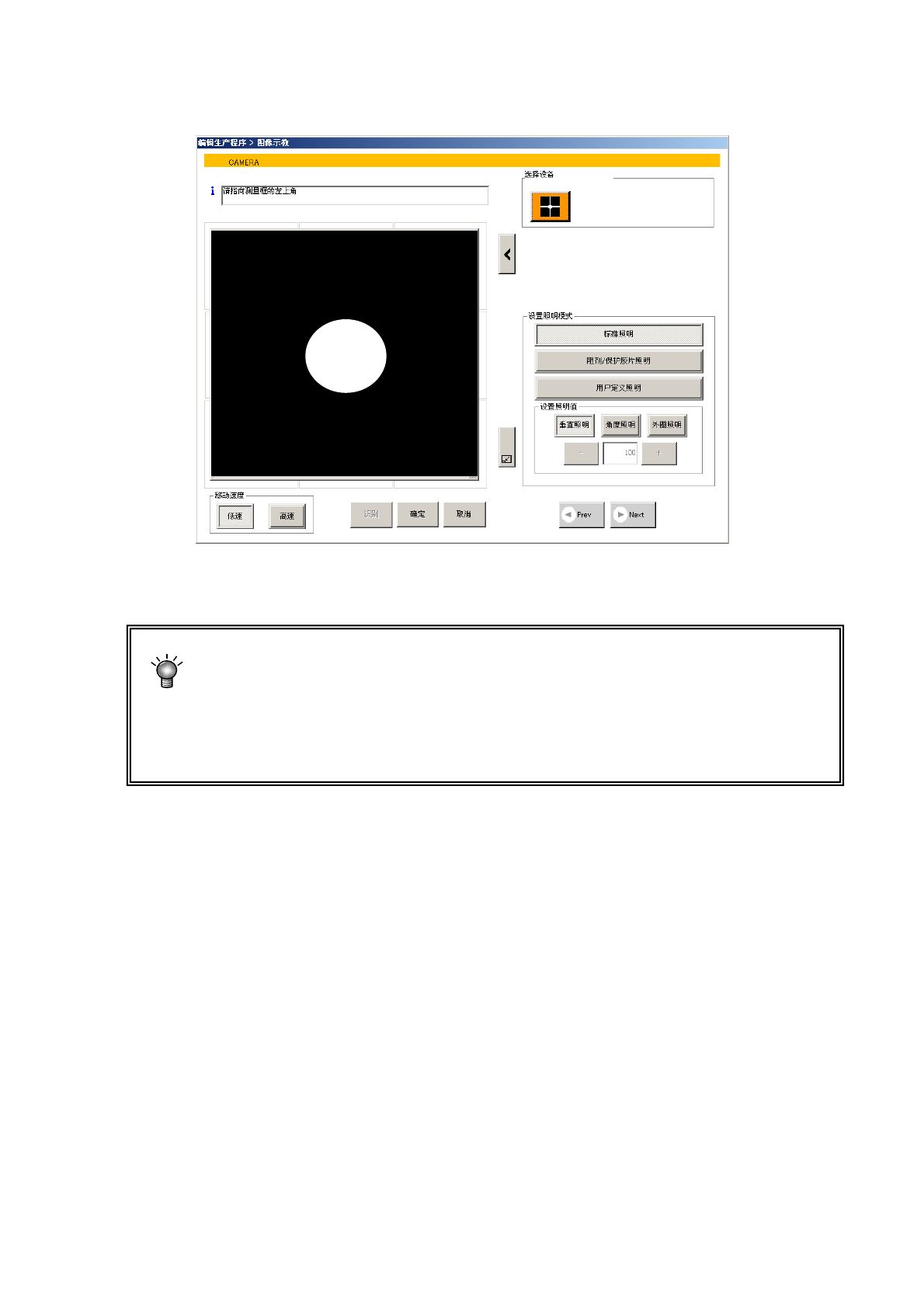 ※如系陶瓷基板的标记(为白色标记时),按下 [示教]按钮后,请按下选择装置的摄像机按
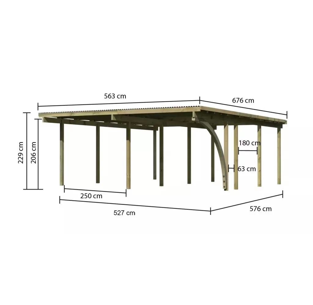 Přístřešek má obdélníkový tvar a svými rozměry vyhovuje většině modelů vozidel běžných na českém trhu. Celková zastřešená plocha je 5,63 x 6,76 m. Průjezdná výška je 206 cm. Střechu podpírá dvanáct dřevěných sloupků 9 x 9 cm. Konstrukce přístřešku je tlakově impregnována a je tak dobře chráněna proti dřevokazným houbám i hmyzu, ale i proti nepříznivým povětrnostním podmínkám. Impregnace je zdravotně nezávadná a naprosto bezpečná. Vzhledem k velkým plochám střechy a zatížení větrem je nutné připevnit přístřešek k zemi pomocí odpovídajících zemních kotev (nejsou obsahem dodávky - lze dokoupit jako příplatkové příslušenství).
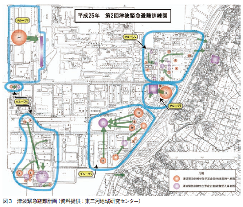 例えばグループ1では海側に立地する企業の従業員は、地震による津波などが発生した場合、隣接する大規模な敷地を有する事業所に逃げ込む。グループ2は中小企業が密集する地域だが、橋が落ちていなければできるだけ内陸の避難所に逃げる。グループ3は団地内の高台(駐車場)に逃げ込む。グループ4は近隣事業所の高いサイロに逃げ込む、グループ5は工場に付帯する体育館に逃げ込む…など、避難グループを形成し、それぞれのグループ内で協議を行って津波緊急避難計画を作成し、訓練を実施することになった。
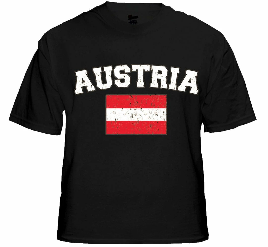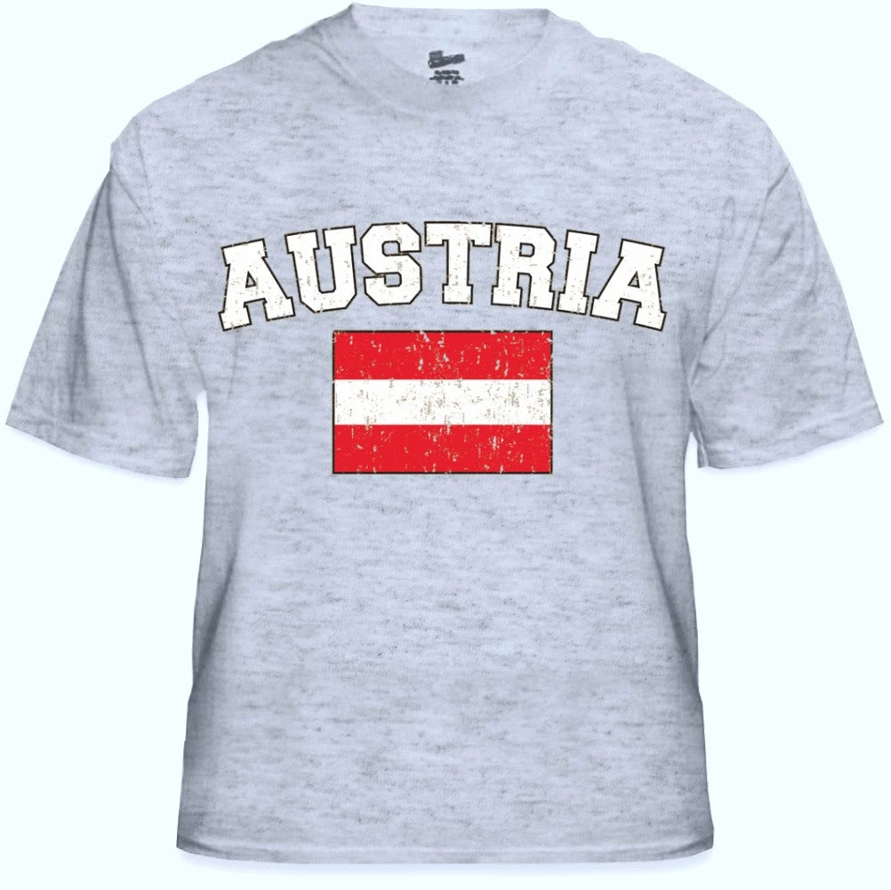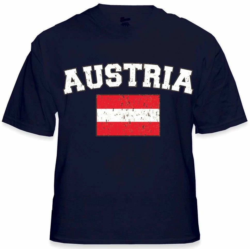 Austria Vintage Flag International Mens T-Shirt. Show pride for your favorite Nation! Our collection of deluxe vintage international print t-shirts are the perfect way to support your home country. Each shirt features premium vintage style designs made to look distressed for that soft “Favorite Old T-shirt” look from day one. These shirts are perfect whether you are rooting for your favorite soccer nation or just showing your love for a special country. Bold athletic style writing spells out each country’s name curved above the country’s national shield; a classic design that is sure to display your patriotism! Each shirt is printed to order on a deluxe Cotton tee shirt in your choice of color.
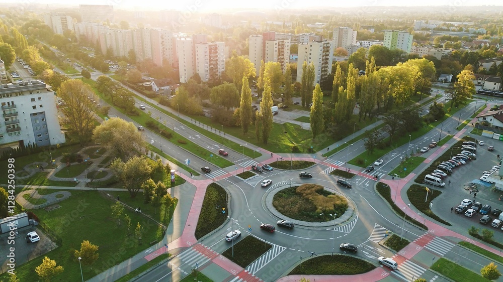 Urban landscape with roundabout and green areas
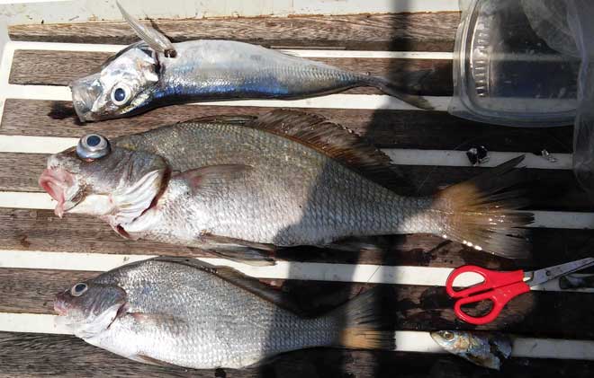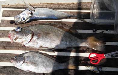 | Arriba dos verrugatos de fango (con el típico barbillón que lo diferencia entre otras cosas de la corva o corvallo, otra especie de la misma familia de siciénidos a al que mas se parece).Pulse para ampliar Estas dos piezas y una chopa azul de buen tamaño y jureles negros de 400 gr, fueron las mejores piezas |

* _WHAT YOU SHOULD DO_
Extract exactly the lines above from the line containing "例えばグループ1では海側に立" through the last one, both ends included, but not the pictures.

* _SOLUTION TO THIS PROBLEM_
 例えばグループ1では海側に立地する企業の従業員は、地震による津波などが発生した場合、隣接する大規模な敷地を有する事業所に逃げ込む。グループ2は中小企業が密集する地域だが、橋が落ちていなければできるだけ内陸の避難所に逃げる。グループ3は団地内の高台(駐車場)に逃げ込む。グループ4は近隣事業所の高いサイロに逃げ込む、グループ5は工場に付帯する体育館に逃げ込む…など、避難グループを形成し、それぞれのグループ内で協議を行って津波緊急避難計画を作成し、訓練を実施することになった。
 Austria Vintage Flag International Mens T-Shirt. Show pride for your favorite Nation! Our collection of deluxe vintage international print t-shirts are the perfect way to support your home country. Each shirt features premium vintage style designs made to look distressed for that soft “Favorite Old T-shirt” look from day one. These shirts are perfect whether you are rooting for your favorite soccer nation or just showing your love for a special country. Bold athletic style writing spells out each country’s name curved above the country’s national shield; a classic design that is sure to display your patriotism! Each shirt is printed to order on a deluxe Cotton tee shirt in your choice of color.
 Urban landscape with roundabout and green areas
 | Arriba dos verrugatos de fango (con el típico barbillón que lo diferencia entre otras cosas de la corva o corvallo, otra especie de la misma familia de siciénidos a al que mas se parece).Pulse para ampliar Estas dos piezas y una chopa azul de buen tamaño y jureles negros de 400 gr, fueron las mejores piezas |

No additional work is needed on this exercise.